La Commission Climat pour la Région du Sahel (CCRS), en partenariat avec le ministère de l’Environnement et de la Transition écologique, à travers la Direction du Changement climatique, de la Transition écologique et des Financements verts (DCCTEFV), a tenu, ce 10 août 2026 un atelier national consacré à la validation de l’étude sur l’identification, le développement et l’opérationnalisation des indicateurs d’adaptation. L’ambition est de mettre en place des outils fiables pour mieux mesurer les résultats des actions engagées. Cette importante réunit les principaux acteurs nationaux impliqués dans la planification, la mise en œuvre et le suivi des politiques climatiques. L’initiative entre dans le cadre du projet régional « Mise en œuvre des priorités régionales et nationales d’adaptation en Afrique Centrale et de l’Ouest (PACO) », avec l’appui technique de la GIZ.
Prenant la parole au nom du Secrétaire exécutif de la CCRS, Idrissa Mahamadou Soumana, responsable du portefeuille des programmes, a rappelé la vulnérabilité particulière du Sénégal face aux effets du changement climatique.
À la fois pays sahélien et côtier, le Sénégal est exposé à plusieurs risques climatiques, notamment la variabilité des précipitations, les sécheresses, la salinisation des terres, l’érosion côtière et l’élévation du niveau de la mer.
Des phénomènes qui exercent déjà une pression importante sur plusieurs secteurs stratégiques de l’économie nationale, parmi lesquels l’agriculture, la pêche, le tourisme, les infrastructures et l’habitat.
Pour faire face à ces défis, le Sénégal s’est doté de plusieurs instruments de planification climatique, dont sa Contribution déterminée au niveau national (CDN), son Plan national d’adaptation (PNA) et différentes stratégies sectorielles destinées à renforcer la résilience du pays.
Mais pour la CCRS, l’efficacité de ces politiques dépend aussi de la capacité des pouvoirs publics à mesurer de manière précise les progrès réalisés.
Les indicateurs d’adaptation doivent ainsi servir de véritables outils d’aide à la décision. Ils devraient permettre de mieux piloter les politiques publiques, d’améliorer la coordination entre les institutions, d’évaluer les bénéfices des actions menées et de renforcer la capacité du Sénégal à mobiliser des financements climatiques.
Pour sa part, Idy Niang, Conseiller technique à la DCCTEFV, a insisté sur la nécessité de disposer d’indicateurs adaptés aux réalités nationales.
Il a rappelé que le changement climatique représente aujourd’hui un défi majeur pour le développement durable du Sénégal, affectant aussi bien les populations que les infrastructures, les écosystèmes et les secteurs économiques.
Dans le cadre du projet PACO, les travaux techniques ont notamment permis de réfléchir à un cadre harmonisé d’indicateurs dans deux secteurs stratégiques : les infrastructures de transport terrestre et le tourisme.
Ces deux domaines, essentiels à l’activité économique et au développement du pays, sont également particulièrement exposés aux risques climatiques.
La mise en place d’indicateurs robustes doit permettre de mieux suivre les progrès accomplis en matière d’adaptation, d’améliorer le rapportage national et international et surtout d’orienter les investissements vers les actions susceptibles de produire les meilleurs résultats.
Durant les deux jours de l’atelier, les participants sont appelés à examiner les résultats de l’étude, à analyser les indicateurs existants et à étudier les fiches techniques proposées.
Des travaux de groupe permettront également de recueillir les contributions des différents acteurs afin d’améliorer les propositions et de définir les modalités pratiques d’intégration des indicateurs dans les systèmes sectoriels de suivi-évaluation.
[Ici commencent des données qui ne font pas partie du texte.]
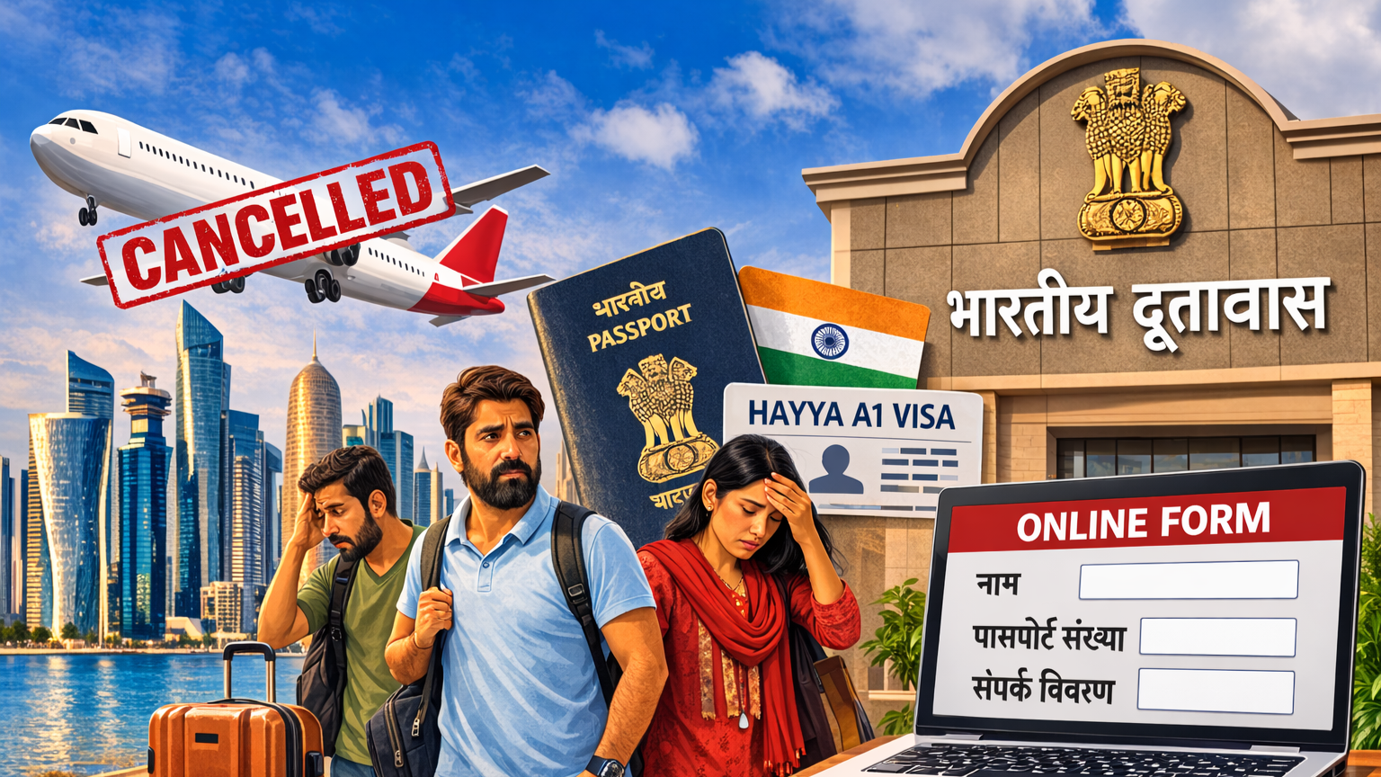 एक्स पर एक पोस्ट में दूतावास ने कहा, “परामर्श: वे भारतीय नागरिक जो वर्तमान में 28 फ़रवरी से 7 मार्च 2026 के बीच कतर से उड़ानों के रद्द होने के कारण कतर में पर्यटक/अल्पकालिक आगंतुक (हय्या ए-1 वीज़ा धारक) के रूप में फँसे हुए हैं, उनसे अनुरोध है कि वे यहाँ दिए गए लिंक पर अपने विवरण भरें। कृपया ध्यान दें कि यह केवल कतर के निवासी न होने वाले फँसे भारतीय नागरिकों की सटीक संख्या और विवरण का पता लगाने के उद्देश्य से है। लिंक फिर से सक्रिय कर दिया गया है: https://indianembassyqatar.gov.in/hayya_visitors
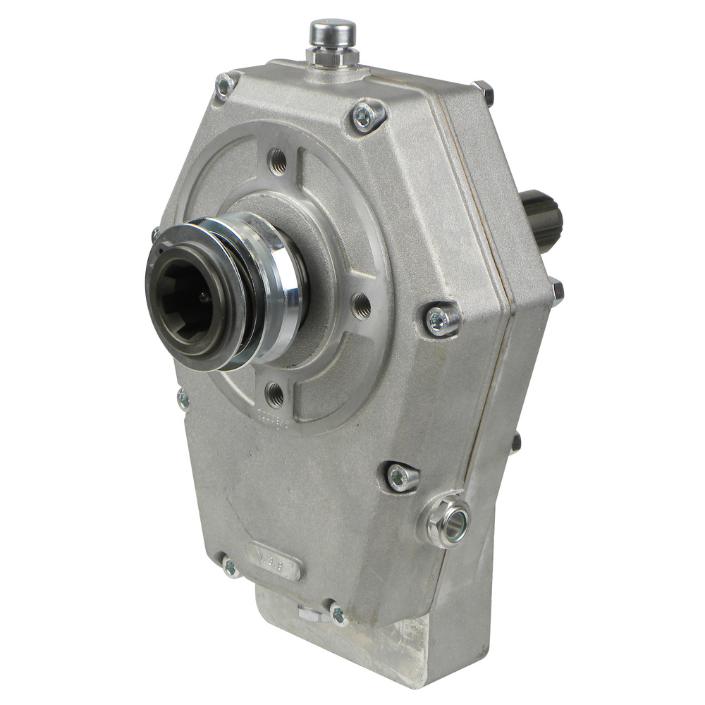 Übersetzungsgetriebe für Hydraulikpumpen der Baugruppe 2 oder 3 mit Aufsteck-Schnellverschluss. Das Getriebe hat einen Durchtrieb auf einen Zapfwellenstummel 1 3/8 x 6. Das Übersetzungsverhälktnis ist 1 : 3,8. Bei Verwendung einer Hydraulikpumpe der Baugruppe 2 ist ein Zentrierring (Faie Nr. 112326) zu verwenden. Dieser Ring reduziert den Zentriersitz der BG 3 von 50,8mm auf den Durchmesser des Zentriersitzes der BG 2 von 36,5mm.

Une démarche participative jugée essentielle par les initiateurs, qui souhaitent disposer d’indicateurs à la fois pertinents sur le plan technique, réalistes, mesurables et suffisamment opérationnels pour être utilisés par les institutions concernées.
Au-delà du suivi des politiques publiques, la mise en place d’un système national harmonisé d’indicateurs revêt également une dimension financière.
La capacité à produire des données fiables sur les résultats et les impacts des actions d’adaptation peut en effet contribuer à renforcer la crédibilité du Sénégal auprès des partenaires techniques et financiers et à faciliter l’accès aux financements climatiques internationaux.
Le futur dispositif devrait également contribuer à améliorer la transparence de l’action climatique du pays et à répondre aux exigences du cadre renforcé de transparence de l’Accord de Paris.
Cette démarche s’inscrit dans les priorités du Plan d’Investissement Climat pour la Région du Sahel (PIC-RS 2025-2030), qui fait du renforcement des systèmes nationaux de planification, de suivi-évaluation et de mobilisation des financements climatiques un axe stratégique.